Reality TV/ Cathy Come Home

Hill (2005) explains that the broad and common term ‘reality TV’ is simply defined as being a range of popular factual programming. However when analysing the genre more closely, it is easily noticeable that the term ‘reality TV’ is much more complex than this simple definition.

“In the early stages of the genre, reality TV was associated with on-scene footage of law and order or emergency services” (pp.41). As television has progressed over the years, the genre has altered due to the changing nature of which television thrives off. The ‘cannibalisation’, as Hill puts it, of TV genres upon each other has redefined reality programmes to also define themselves as entertainment.  
One example of Hill’s involves the merging of both documentary and soap genres to create a hybrid genre of “docu-soaps” (pp.42). Another example of early hybridisation as noted by Hill was the pairing of documentary and gameshow, to result in such popular television series like Survivor (2000) which spanned an impressive 31 seasons (IMDb).

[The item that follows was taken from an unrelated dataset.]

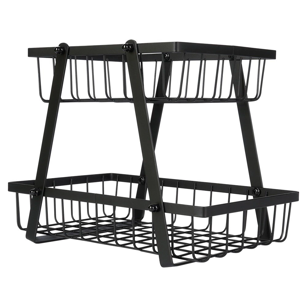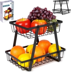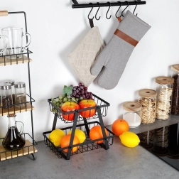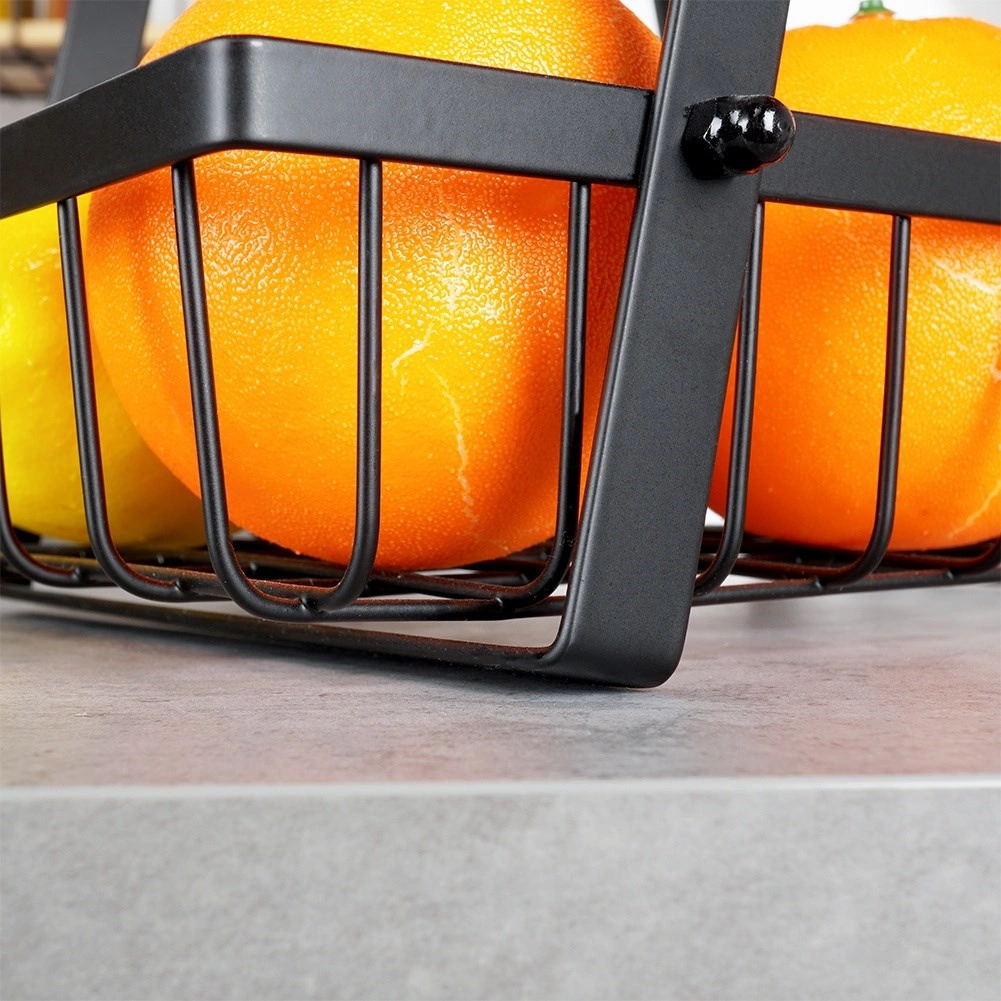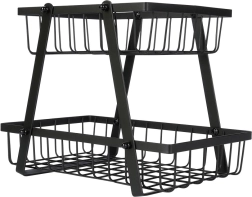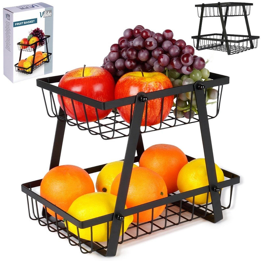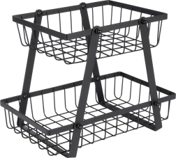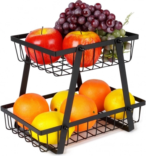 Stilīgs un praktisks palīgs jebkurai virtuvei: divlīmeņu statīvs ar stiepļu groziem industriālā loft stilā ietaupa vietu un vienlaikus skaisti izceļ jūsu augļus un dārzeņus. Atvērtās sienas veicina gaisa cirkulāciju, tādēļ produkti ilgāk saglabājas svaigi un labi redzami.

Given the successful combination of documentary and entertainment, the television industry traditionally defined reality TV as either ‘factual entertainment’ or ‘popular factual’, two terms which Hill notes are today very much umbrella terms for a range of differently formatted television series.
As a result Hill states that there is no one set definition for reality TV, rather the definition only becomes broader as the “television industry has redefined its generic structure for documentary and contemporary factual programming” (pp.55).

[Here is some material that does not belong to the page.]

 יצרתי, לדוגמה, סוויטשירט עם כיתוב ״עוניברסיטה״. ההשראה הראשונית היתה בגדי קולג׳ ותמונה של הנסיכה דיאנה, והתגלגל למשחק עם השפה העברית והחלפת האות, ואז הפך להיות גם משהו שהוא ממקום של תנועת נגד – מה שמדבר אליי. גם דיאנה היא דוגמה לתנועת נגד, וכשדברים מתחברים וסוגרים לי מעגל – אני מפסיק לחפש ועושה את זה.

Biressi (2005) notes that the pioneering documentary movements, such as the Griersonian project,t has had influential impact on modern day reality TV. As Biressi points out, a common trait of this early documentary style includes “political concern, differently informed by socio-cultural context, to depict the lives of ‘ordinary’ people” (pp.35), or more simply put, “the depiction of the everyday” (pp.36).

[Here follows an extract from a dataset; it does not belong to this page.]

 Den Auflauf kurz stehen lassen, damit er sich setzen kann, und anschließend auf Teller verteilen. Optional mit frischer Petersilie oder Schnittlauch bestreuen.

 The documentary styled drama Cathy Come Home (1966) directed by Ken Loach is an early product of this movement and is echoed still in contemporary reality TV programmes that air today. Aired in the 60’s Cathy Come Home, although not entirely real but rather made to depict the real, was the start of a movement which we would then see carried through into shows such as 16 and Pregnant (USA), and Benefit Street (UK). It is shows like these ones which adopted the loose scripts, and averagely filmed footage styles which shed light on socio-cultural issues depicted in the form of ‘everyday’ life.
 
The volume of reality TV has increased enormously from the days of Cathy Come Home, and the definition of ‘reality television’ is constantly morphing to cater as entertainment to viewers, but it is obvious that remnants of original reality-based series remain present in today’s version of reality TV and one thing is for certain we are, more or less, all watching some form of reality TV. 

References

Biressi, A., Nunn, N. (2005). Real Lives, documentary approaches. In Reality TV: realism and revelation. (pp. 35-58) London: Wallflower.

Hill, A. (2005). The reality genre. In A. Hill, Reality TV: Audiences and Popular Factual Television. (pp. 14 – 40). Oxon: Routledge.

IMDb Website (n.d). Survivor: Episode List retrieved from http://www.imdb.com/title/tt0239195/?ref_=fn_al_tt_2 on 27th October 2015.

Loach, K. (Director) (1969) Cathy Come Home.